Тут Каднет снова вздохнул, положил в карман полученный им от Моргана экю, подобострастно склонился перед ним, по обычаю цирюльников и учителей танцев, и удалился, предоставив молодому человеку довершить свой туалет.

Теперь, когда он был причесан, с остальным можно было быстро покончить, только вот с замысловатым узлами галстука пришлось немного повозиться; но опытный в этом деле Морган блестяще справился с трудной задачей, и, когда пробило одиннадцать, он был готов ехать на бал.

Каднет не забыл его поручения: у крыльца уже стоял фиакр.

Морган вскочил в него и крикнул:

– Паромная улица, дом тридцать пять!

Фиакр поехал по улице Гренель, поднялся на Паромную улицу и остановился перед домом №35.

– Я даю вам двойную плату, любезный, – сказал Морган, – но только с условием, что вы не будете стоять у подъезда.

Возница получил три франка и скрылся за углом улицы Варенн.

Морган взглянул на фасад дома. Можно было бы подумать, что он ошибся номером: в окнах было темно и не слышно ни звука. Но Морган без колебаний постучался особенным образом.

Ворота отворились.

В глубине двора виднелось большое ярко освещенное здание.

Молодой человек направился к этому дому; по мере того как он приближался, все громче слышалась музыка.

Он поднялся на второй этаж и очутился в гардеробной.

Там он протянул свой плащ служителю, охранявшему верхнее платье.

– Вот вам номерок, – сказал гардеробщик. – А оружие положите в галерее так, чтобы вы потом могли его узнать.

Морган сунул номерок в карман панталон и вошел в длинную галерею, превращенную в арсенал.

То была настоящая коллекция оружия: там были представлены всевозможные его виды – пистолеты, мушкетоны, карабины, шпаги, кинжалы. Налет полиции мог внезапно прервать бал, и тогда каждому танцору предстояло мгновенно превратиться в бойца.

Сняв с себя оружие, Морган вошел в танцевальный зал.
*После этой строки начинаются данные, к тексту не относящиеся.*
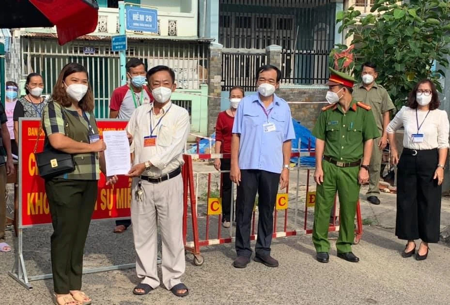 Dỡ bỏ phong tỏa 10 tổ dân cư , KP3, phường Thắng Nhì, Vũng Tàu sáng 18-9. Đây là khu phong tỏa lớn nhất từ khi có dịch đến nay ở Vũng Tàu. Ảnh:HT.
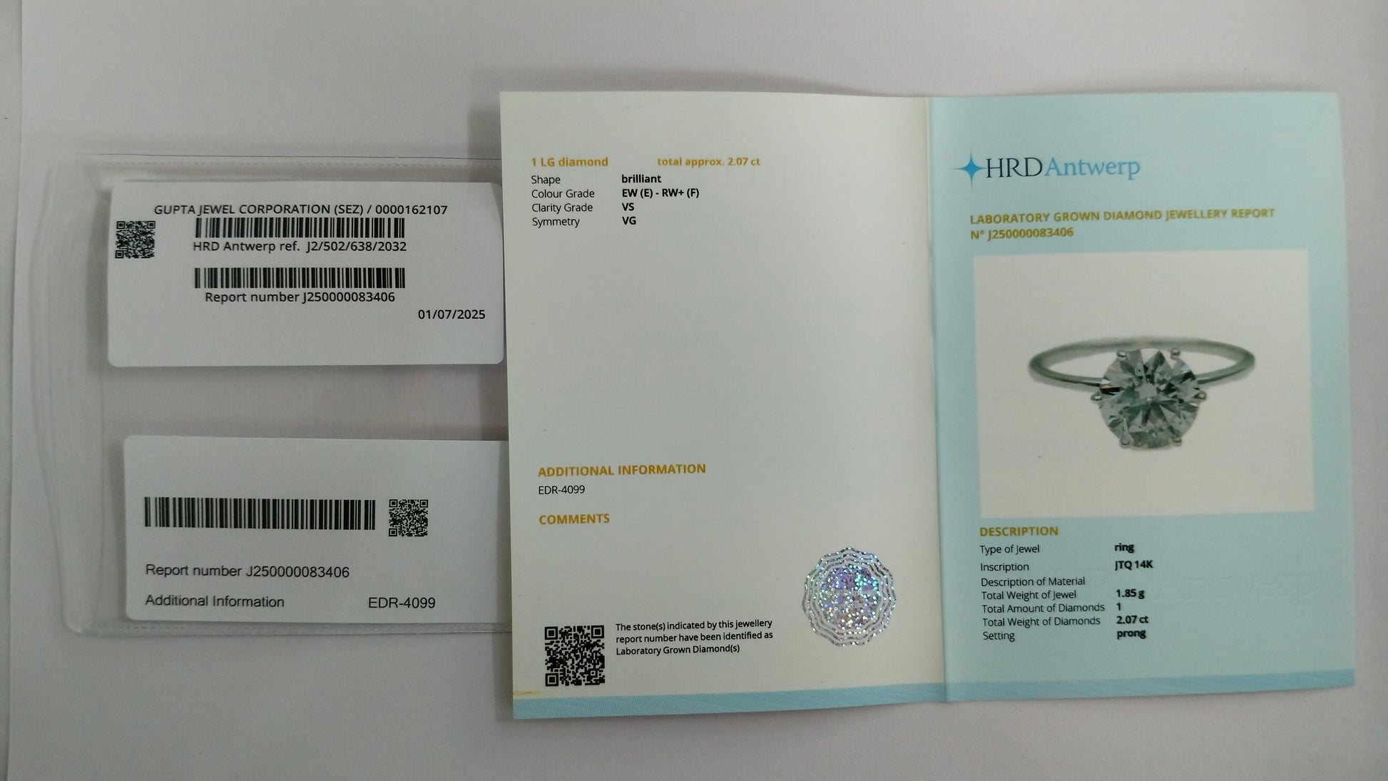 2.07-Carat Lab-Grown Diamond Round Brilliant Ring Ð HRD Certified
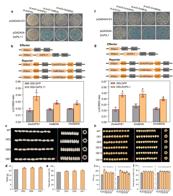 通过转基因、Y1H、EMSA和LUC等方法,研究了水稻和玉米中PIL1同源基因的功能,发现同源基因OsPIL11和ZmPIL1分别在水稻和玉米中也通过驱动AGPS1、BEIIb和GBSSI基因的表达,调控了籽粒淀粉的合成(图3)。表明转录因子PIL1在调控三大粮食作物籽粒淀粉合成中,作用重要、功能保守。
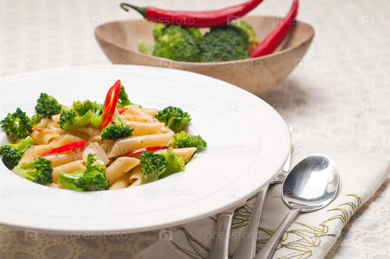 Итальянские макароны пенне с брокколи и перцем чили
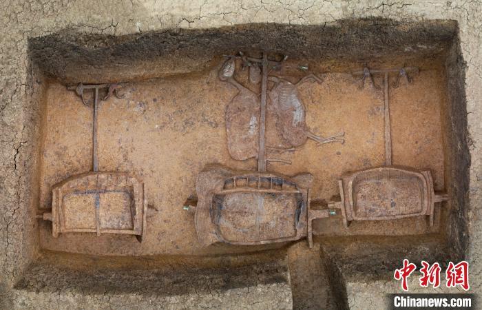 “此次發現的車馬埋葬形式,異于此前發現的楚國車馬埋葬方式?!焙鷦偨榻B,車轅與馬的前部被放置在壁龕中,車輪立于地面之上,以及存在有車無馬等埋葬現象,推斷墓主身份為元士,系比大夫低一級的地方官員。同時,發現的車馬均保存完好,為后期復原展示提供了條件。

Возможно ли передать словами впечатление, какое производил этот бал?!

В большинстве случаев на бал допускались лица, имевшие на то особое право, а именно те, чьи родные были посланы на эшафот Конвентом или Парижской Коммуной, расстреляны Колло д'Эрбуа или потоплены Каррье. Но поскольку за только что пережитые три года террора чаще всего гильотинировали, большинство присутствующих носили такие же костюмы, как у жертв гильотины.

Многие девушки, у которых матери или сестры пали от руки палача, явились в таком самом наряде, какой осужденные женщины надевали для последней мрачной церемонии; на них было белое платье, красная шаль, а волосы были коротко подстрижены на затылке.

Иные из них к этому и без того выразительному туалету добавили еще одну знаменательную деталь: они обвязали себе шею тонкой красной нитью, уподобившись призраку Маргариты на шабаше: эта нить отмечала разрез, проделанный ножом гильотины между сосцевидным отростком височной кости и ключицами.

Мужчины, родственники погибших, надели сюртуки с отогнутым назад воротником, причем ворот рубашки был распахнут, шея открыта и волосы на затылке коротко подстрижены.

Но у многих, помимо жертв в семье, было иное право явиться на бал: они и сами были палачами, у каждого имелись свои жертвы. У этих было двойное право.

Некоторые из них, лет сорока – сорока пяти, воспитанные в будуарах красавиц-куртизанок XVIII века, в свое время встречались с г-жой Дюбарри в мансардах Версаля, с Софи Арну – у г-на де Лораге, с Дюте – у графа д'Артуа; насквозь пропитанные порочной учтивостью, они прятали свою неимоверную жестокость под покровом светского лоска. Они были еще молоды и хороши собой. Входя в гостиную, они встряхивали надушенной шевелюрой и обмахивались благоухающими носовыми платками; то была отнюдь не излишняя предосторожность, ибо, если бы не аромат амбры или вербены, от них разило бы кровью.

Другие, молодые люди двадцати пяти – тридцати, поражавшие своей элегантностью, принадлежали к Лиге мстителей; казалось, ими владела мания убийства, безумный смертоносный порыв, неутолимая жажда крови, и, получив приказ, они приканчивали без разбора и друга и врага; это был своего рода промысел: они орудовали с холодным расчетом, и когда им предъявляли кровавый вексель, они тут же расплачивались головами якобинцев.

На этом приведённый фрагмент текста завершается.